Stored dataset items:
-*-

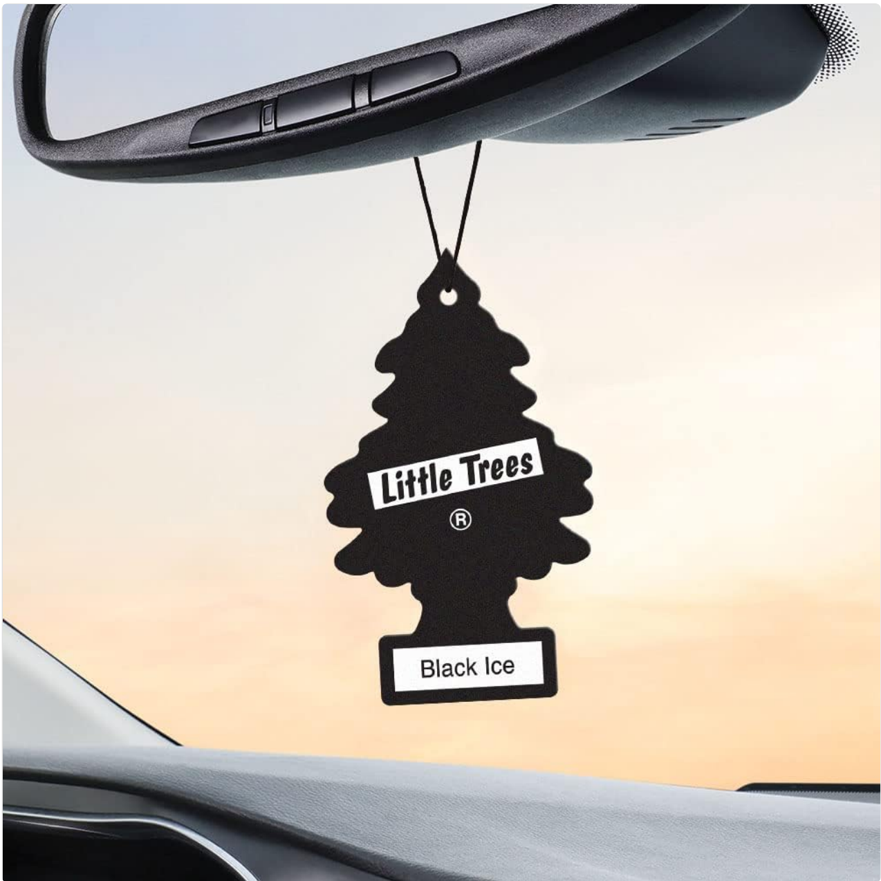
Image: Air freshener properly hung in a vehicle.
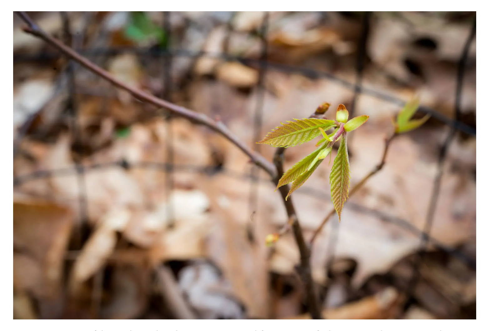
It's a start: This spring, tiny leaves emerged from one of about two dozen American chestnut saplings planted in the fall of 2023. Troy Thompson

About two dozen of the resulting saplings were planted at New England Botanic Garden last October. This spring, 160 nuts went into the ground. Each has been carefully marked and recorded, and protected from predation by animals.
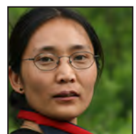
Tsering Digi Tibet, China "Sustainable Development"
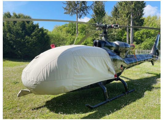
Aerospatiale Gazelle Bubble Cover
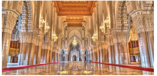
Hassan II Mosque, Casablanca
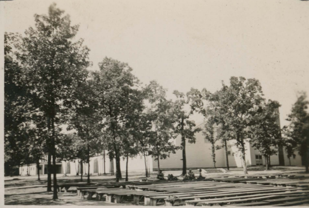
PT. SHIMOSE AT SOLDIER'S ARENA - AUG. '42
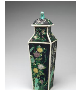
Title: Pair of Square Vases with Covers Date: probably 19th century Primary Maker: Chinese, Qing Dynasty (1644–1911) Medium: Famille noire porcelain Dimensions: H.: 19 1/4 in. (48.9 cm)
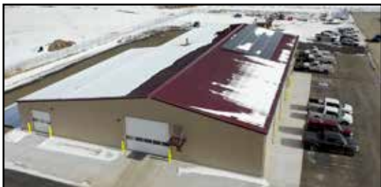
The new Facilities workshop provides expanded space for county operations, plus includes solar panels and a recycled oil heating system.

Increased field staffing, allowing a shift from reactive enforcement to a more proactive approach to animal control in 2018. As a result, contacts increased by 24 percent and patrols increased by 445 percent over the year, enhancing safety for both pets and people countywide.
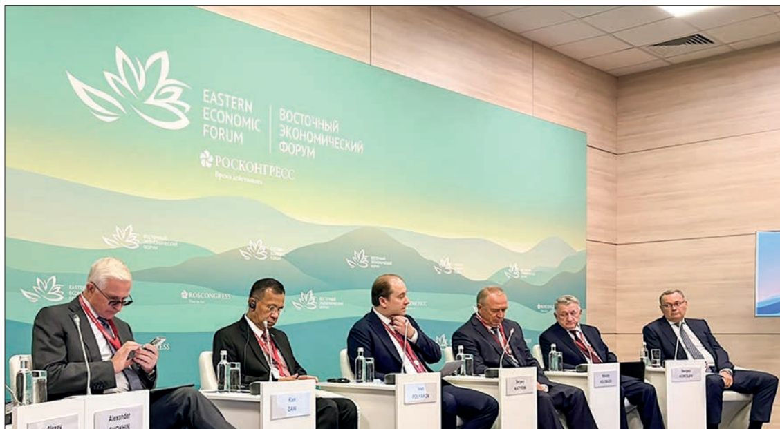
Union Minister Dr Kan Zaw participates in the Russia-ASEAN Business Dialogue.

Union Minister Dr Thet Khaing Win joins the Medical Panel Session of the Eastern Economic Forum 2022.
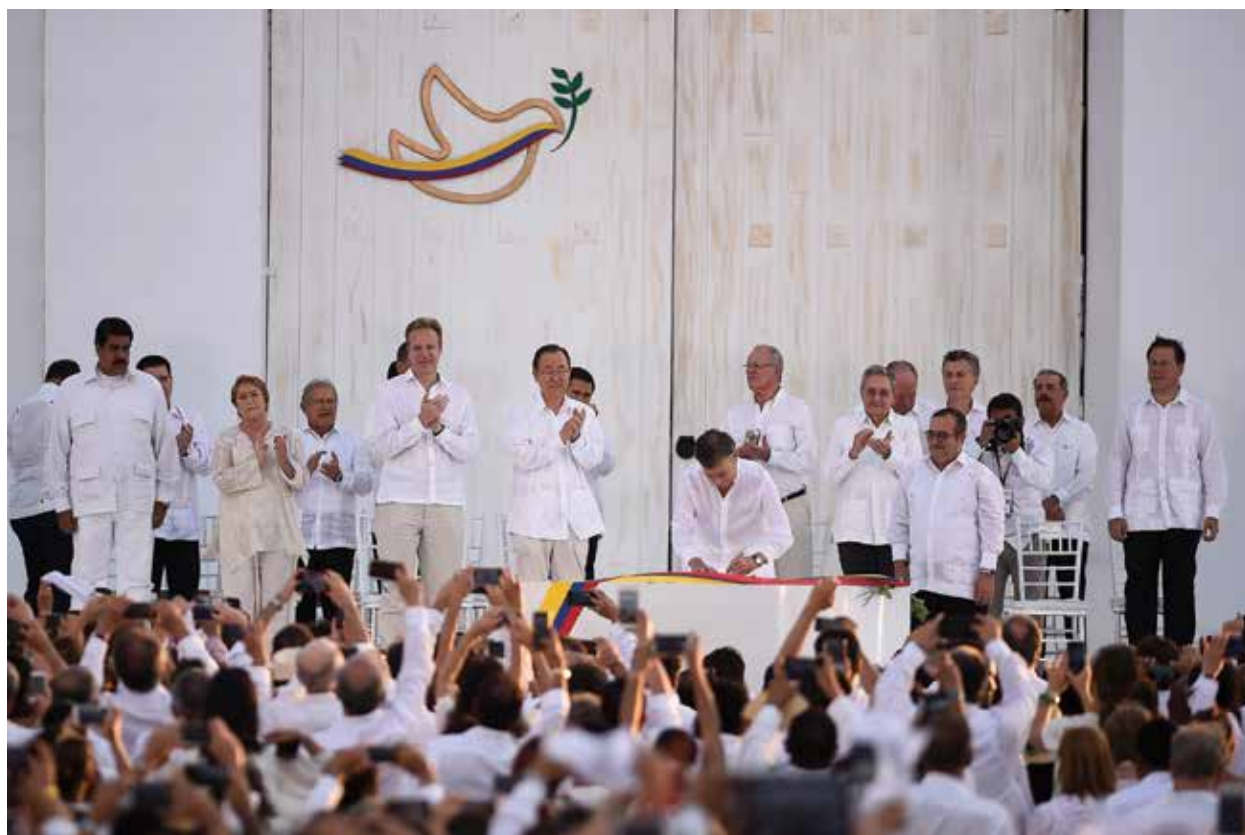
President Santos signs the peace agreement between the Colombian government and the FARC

-*-

• _Task prompt_:
Whenever a line includes the word "planted", pull it out of the entries.

• _Answer section_:
It's a start: This spring, tiny leaves emerged from one of about two dozen American chestnut saplings planted in the fall of 2023. Troy Thompson
About two dozen of the resulting saplings were planted at New England Botanic Garden last October. This spring, 160 nuts went into the ground. Each has been carefully marked and recorded, and protected from predation by animals.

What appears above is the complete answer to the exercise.